** Opening The data block **

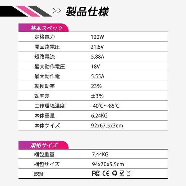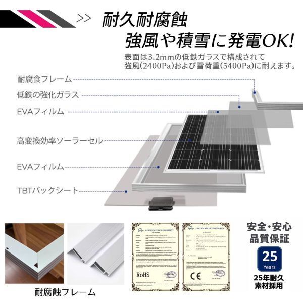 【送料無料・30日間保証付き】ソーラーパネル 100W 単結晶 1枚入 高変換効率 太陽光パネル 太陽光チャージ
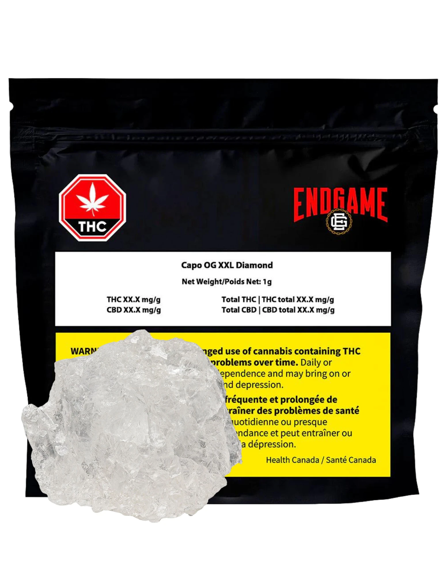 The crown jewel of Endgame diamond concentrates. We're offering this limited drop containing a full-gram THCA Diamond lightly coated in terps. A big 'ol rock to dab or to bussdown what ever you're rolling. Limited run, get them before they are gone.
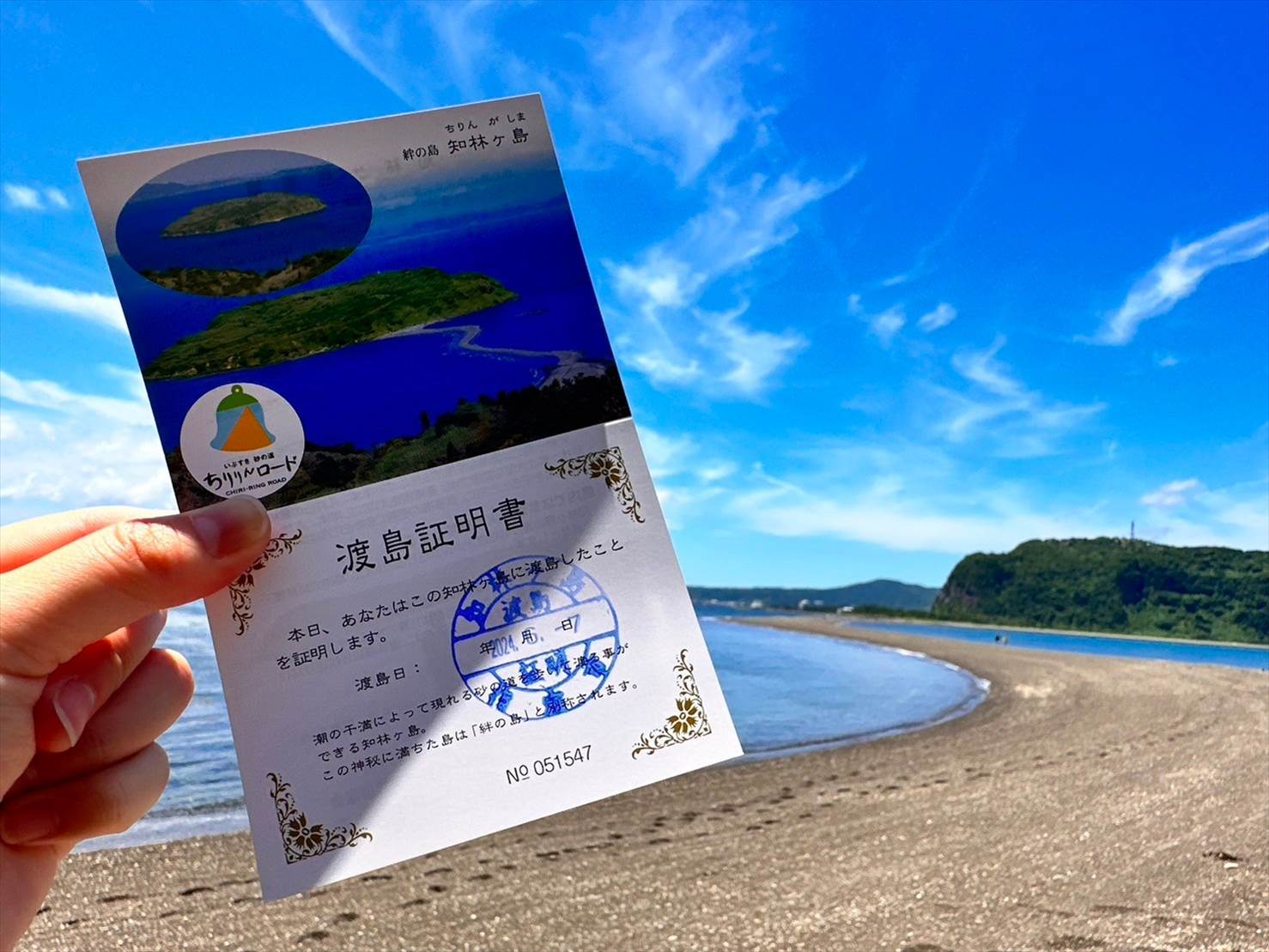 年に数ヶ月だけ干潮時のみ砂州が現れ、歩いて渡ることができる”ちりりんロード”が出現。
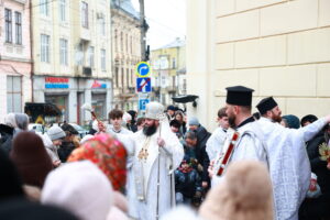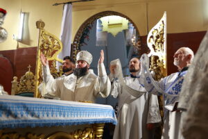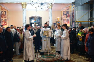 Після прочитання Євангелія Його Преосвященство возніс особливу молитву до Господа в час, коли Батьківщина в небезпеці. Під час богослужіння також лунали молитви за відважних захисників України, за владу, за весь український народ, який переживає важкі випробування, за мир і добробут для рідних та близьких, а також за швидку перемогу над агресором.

** Closing The data block **

The problem:
Retype the entire listing exactly as it appears, dropping only the pictures.

Written answer:
 【送料無料・30日間保証付き】ソーラーパネル 100W 単結晶 1枚入 高変換効率 太陽光パネル 太陽光チャージ
 The crown jewel of Endgame diamond concentrates. We're offering this limited drop containing a full-gram THCA Diamond lightly coated in terps. A big 'ol rock to dab or to bussdown what ever you're rolling. Limited run, get them before they are gone.
 年に数ヶ月だけ干潮時のみ砂州が現れ、歩いて渡ることができる”ちりりんロード”が出現。
 Після прочитання Євангелія Його Преосвященство возніс особливу молитву до Господа в час, коли Батьківщина в небезпеці. Під час богослужіння також лунали молитви за відважних захисників України, за владу, за весь український народ, який переживає важкі випробування, за мир і добробут для рідних та близьких, а також за швидку перемогу над агресором.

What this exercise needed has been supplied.